校舎の屋根が見えてきた。朝日を反射して白く光る校門の向こうで、生徒たちの笑い声が響いている。
(俺は――どうしたいんだ)
自分の中の迷いが、形を持ち始めた気がした。
昨日の夜、公園で必死に走っていた自分。
体は動いていたのに、心は動いていなかった。
ただ焦燥を汗に変えていただけだった。
「なぁ、莉緒」
「ん?」
「お前って、進路に有利そう以外に、なんで生徒会入ったんだっけ」
唐突な質問に、莉緒は少し驚いた顔をしてから、笑った。
「んー……確かに他にも理由はいくつかあるけど。
単純に、“自分の手で何か動かせる場所”がいいなって思っただけ」
「動かせる場所……」
「そう。部活とかって、試合って勝つか負けるかじゃん。
でも生徒会って、アイデア出せば形になる。動けば結果が出る。
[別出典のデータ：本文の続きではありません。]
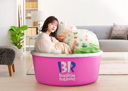今回の総選挙のためにデザインした、サーティワンのフレーバーに埋もれて至上のひとときを過ごせる「巨大ダブルカップクッション」にもSNS上で大きな注目が集まりました。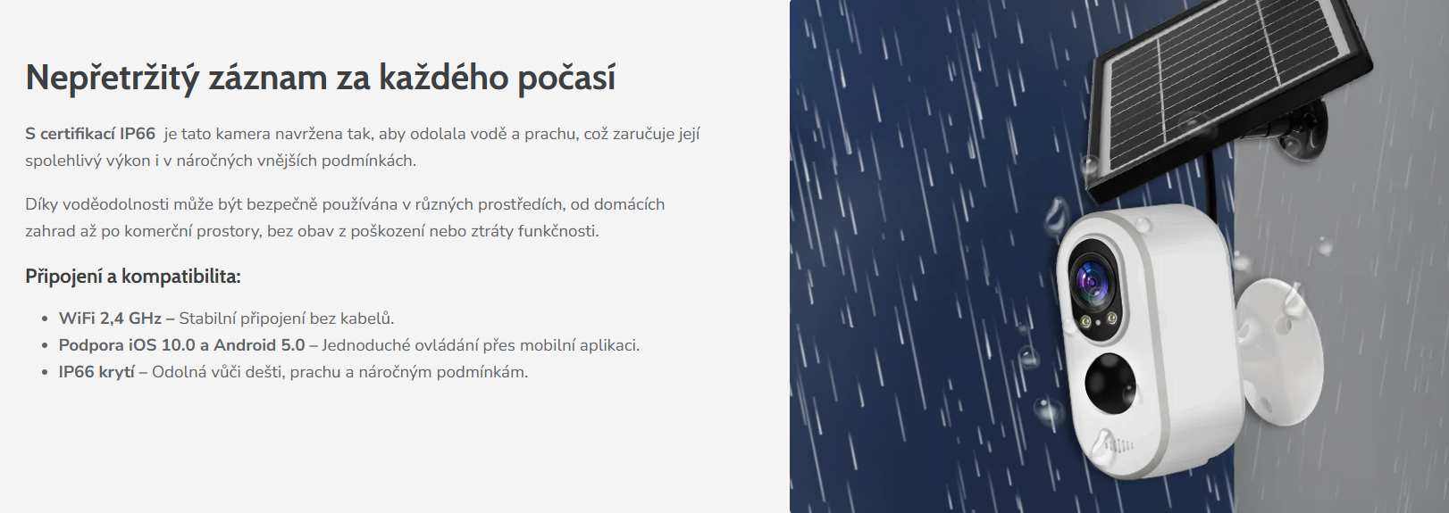 S certifikací IP66 je tato kamera navržena tak, aby odolala vodě a prachu, což zaručuje její spolehlivý výkon i v náročných vnějších podmínkách. Uvedený standard zvyšuje použitelnost zařízení v různých prostředích, od domácích zahrad až po komerční prostory, bez obav z poškození nebo ztráty funkčnosti.

……そういうの、気持ちよくない?」
彼女の言葉は軽い口調のままだった。けれど、妙に響いた。
「自分で動かせる」――その響きが、今の伊吹には眩しかった。
「……俺は、何も動かしてねぇな」
「え?」
「いや、なんでもない」
歩きながら、伊吹はふっと息を吐いた。
校門の前、春の風が制服を揺らす。
莉緒はそんな伊吹を横目で見ながら、少しだけ微笑んだ。
「アンタさ、たぶん頑張る方向間違えるタイプだよね」
「……どういう意味だよ」
「本気出すのが怖くなるくせに、結局サボれない。
でもそれってさ、裏を返せば“ちゃんと前に進みたい”ってことじゃん」
あっけらかんとした口調。
けれど、その言葉がなぜか胸の奥に刺さった。
(……前に進みたい、か)
昨夜の公園で、足を止められなかった理由。
あの時も、どこかで“まだ終わってない”と信じていたのかもしれない。
「……お前って、たまに核心つくよな」
「うち? ただの天才だから」
冗談めかして笑う莉緒。
その笑顔を見て、伊吹も思わず小さく吹き出した。
空は、昨日よりも少しだけ澄んでいた。
春の陽射しの中、二人の影が並んで伸びていく。
(俺は、まだ迷ってる。でも――止まってはいけない)
伊吹は心の中でそう呟いた。
迷いの中でも、少しずつ何かが動き出している。
その確信だけを胸に、彼は校門をくぐった。